She was the queen of country pop, but with her latest album, Queen of Me, Shania Twain is eyeing the title of queen of pop at all. The famous Canadian cowgirl wanted to dance, she says, on the eve of the first of two concerts she will give at the Bell Center this year.

“I’ve never had so much fun,” Shania Twain says, with a big smile in her voice. Her tour is going well, the crowds are surpassing her expectations, her audience is diversifying (“There are several generations,” she gloats), and the Ontario-born superstar is happily singing.

His enthusiasm fits perfectly with the spirit of Queen of Me, released in February, his most pop album since Up!, at the turn of the millennium. Abandoning the country accents that we still heard on Now (2017), she opted for danceable rhythms and up-to-date sound packaging.
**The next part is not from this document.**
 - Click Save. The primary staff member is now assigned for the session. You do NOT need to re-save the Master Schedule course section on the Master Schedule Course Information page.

“The root of all my songs is always me and my guitar. I’m not trying to figure out how I want it to sound at the end of the day when I’m at that stage,” Shania Twain first explains. What has guided his writing this time around are the uncertainties and isolation associated with COVID-19. And above all a strong desire to rediscover joy and optimism.
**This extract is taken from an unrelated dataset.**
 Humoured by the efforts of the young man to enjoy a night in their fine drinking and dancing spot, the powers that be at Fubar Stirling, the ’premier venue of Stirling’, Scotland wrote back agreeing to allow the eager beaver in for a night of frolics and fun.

“All the songs on the album are deliberately meant to be danceable. Even the last one, The Hardest Stone, is about optimism,” she says of this track about making peace with what you can’t change. Shania Twain adds that the general idea that runs through Queen of Me is to take back possession of yourself. “I am solely responsible for my state of mind, my gestures and the way I express myself,” she said. There’s a beauty in that too. This form of independence is very important to me. »

Under its generic pop packaging, Queen of Me is, it is true, in perfect harmony with what has guided Shania Twain since its beginnings: to do things in its own way. Even if it means disturbing or even shocking. Not Just a Girl, a documentary aired on Netflix which retraces her career and tells her fight against Lyme disease, indeed recalls how difficult her beginnings were.
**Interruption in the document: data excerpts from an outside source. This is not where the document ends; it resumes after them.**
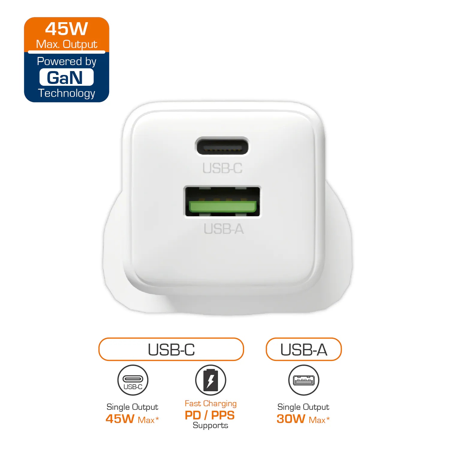 First Champion UWC245PD1C GaN 45W 2 Ports Charger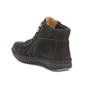 smooth finish, whipstitch details, contrast stitching, traction outsole, silver tone hardware, shearling cuff, size chart conversion may vary slightly by country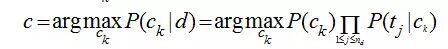 文本分类的应用很多,比如垃圾邮件和垃圾短信的过滤就是一个2分类问题,新闻分类、文本情感分析等都可以看成是文本分类问题,分类问题由两步组成:训练和预测,要建立一个分类模型,至少需要有一个训练数据集。贝叶斯模型可以很自然地应用到文本分类上:现在有一篇文档d(Document),判断它属于哪个类别ck,只需要计算文档d属于哪一个类别的概率最大: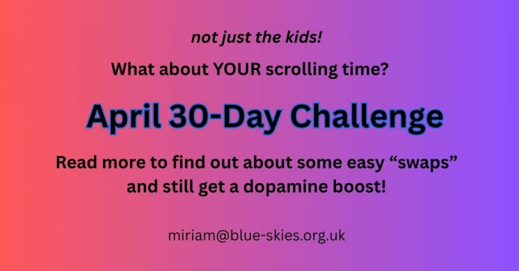 Where does scrolling usually happen? In bed? While the TV is on? Or at the dining table? Play a game with your partner to see who can last the longest with their phone in another room! You could designate these as phone-free areas to improve sleep and connection. Some shows – such as Line of Duty might mean you need to watch carefully so scrolling isn’t an option. Or a little trick is to turn the TV volume down and the subtitles on, so that you put your phone in a different location and do one activity at a time.

Shania Twain shook up the country music world considerably at the turn of the 1990s. Being taken seriously and being recognized for her singing skills and her intelligence rather than her physicality was no small feat. affair. She says it more clearly in the documentary than in her interview with La Presse: she wanted to embrace her femininity and her sexy side. By choice. Like Madonna, Pat Benatar and a few others before her.

Those who didn’t ask her about her physique suggested that her success was due to the work of her producer, Robert Mutt Lange, who was her husband from 1993 to 2010 and had been at the helm of multimillion-dollar AC/ DC, Def Leppard and Bryan Adams. Without giving her the credit that was hers.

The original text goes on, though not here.